→ **Exercise**: Each line of the records must appear in your answer exactly, with no pictures.

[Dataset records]

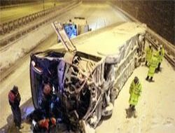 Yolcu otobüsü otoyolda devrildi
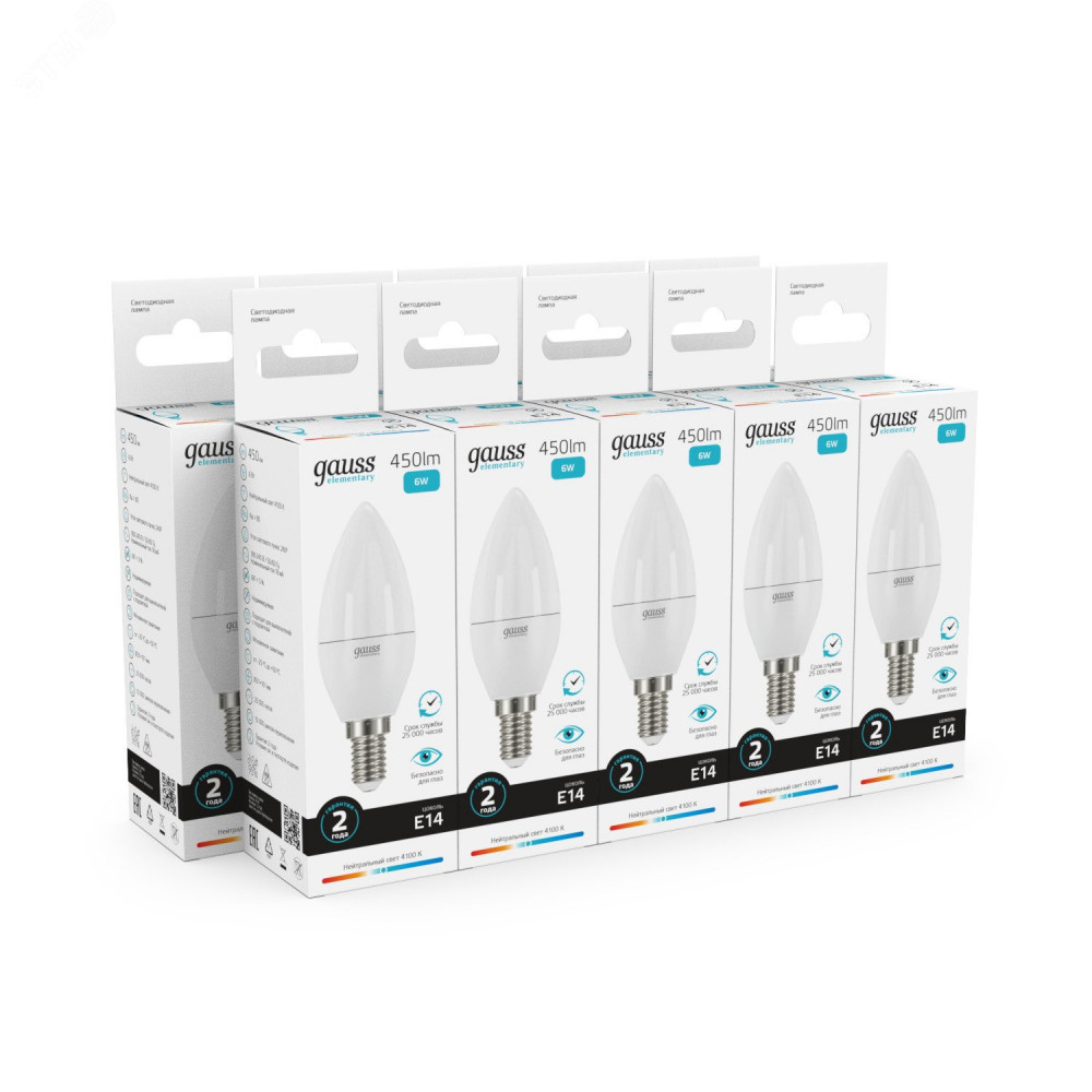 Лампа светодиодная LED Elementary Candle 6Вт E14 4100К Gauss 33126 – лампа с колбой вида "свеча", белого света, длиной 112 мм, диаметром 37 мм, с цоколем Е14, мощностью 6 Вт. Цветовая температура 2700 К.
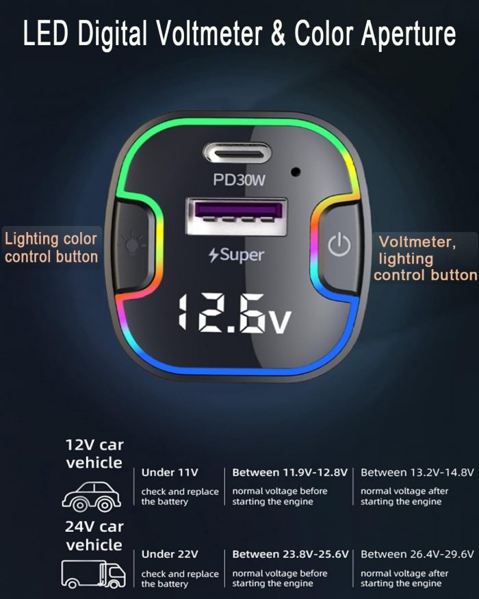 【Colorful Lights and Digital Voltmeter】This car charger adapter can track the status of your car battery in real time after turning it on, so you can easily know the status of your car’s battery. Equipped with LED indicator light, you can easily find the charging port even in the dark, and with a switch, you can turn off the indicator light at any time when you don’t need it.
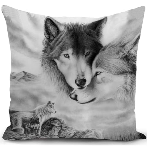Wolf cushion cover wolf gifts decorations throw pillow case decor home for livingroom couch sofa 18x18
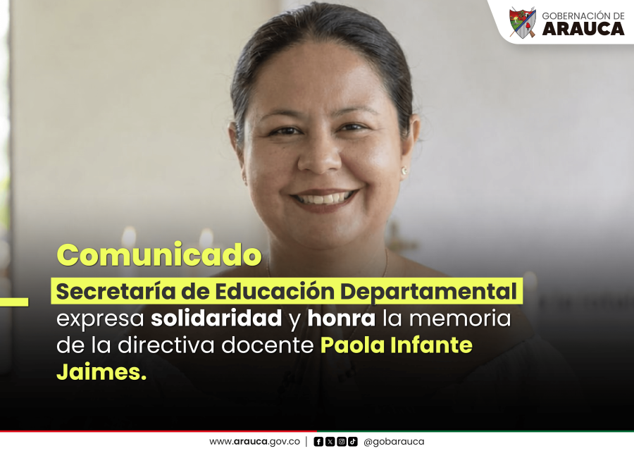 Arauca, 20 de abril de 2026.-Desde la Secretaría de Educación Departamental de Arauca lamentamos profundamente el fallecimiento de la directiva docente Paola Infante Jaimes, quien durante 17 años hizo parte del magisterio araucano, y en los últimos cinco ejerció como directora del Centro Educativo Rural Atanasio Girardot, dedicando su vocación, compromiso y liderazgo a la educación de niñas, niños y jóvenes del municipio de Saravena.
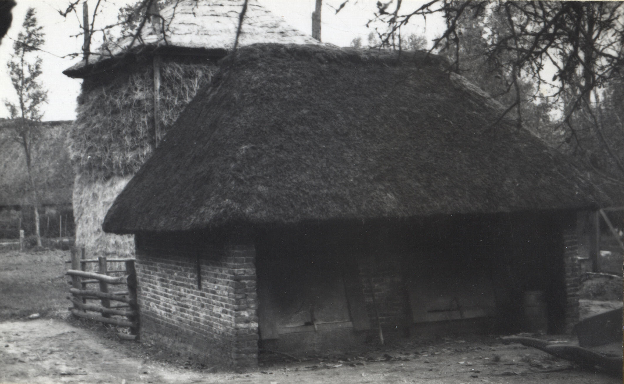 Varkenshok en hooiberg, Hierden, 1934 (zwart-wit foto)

→ **Answer to this task**:
 Yolcu otobüsü otoyolda devrildi
 Лампа светодиодная LED Elementary Candle 6Вт E14 4100К Gauss 33126 – лампа с колбой вида "свеча", белого света, длиной 112 мм, диаметром 37 мм, с цоколем Е14, мощностью 6 Вт. Цветовая температура 2700 К.
 【Colorful Lights and Digital Voltmeter】This car charger adapter can track the status of your car battery in real time after turning it on, so you can easily know the status of your car’s battery. Equipped with LED indicator light, you can easily find the charging port even in the dark, and with a switch, you can turn off the indicator light at any time when you don’t need it.
Wolf cushion cover wolf gifts decorations throw pillow case decor home for livingroom couch sofa 18x18
 Arauca, 20 de abril de 2026.-Desde la Secretaría de Educación Departamental de Arauca lamentamos profundamente el fallecimiento de la directiva docente Paola Infante Jaimes, quien durante 17 años hizo parte del magisterio araucano, y en los últimos cinco ejerció como directora del Centro Educativo Rural Atanasio Girardot, dedicando su vocación, compromiso y liderazgo a la educación de niñas, niños y jóvenes del municipio de Saravena.
 Varkenshok en hooiberg, Hierden, 1934 (zwart-wit foto)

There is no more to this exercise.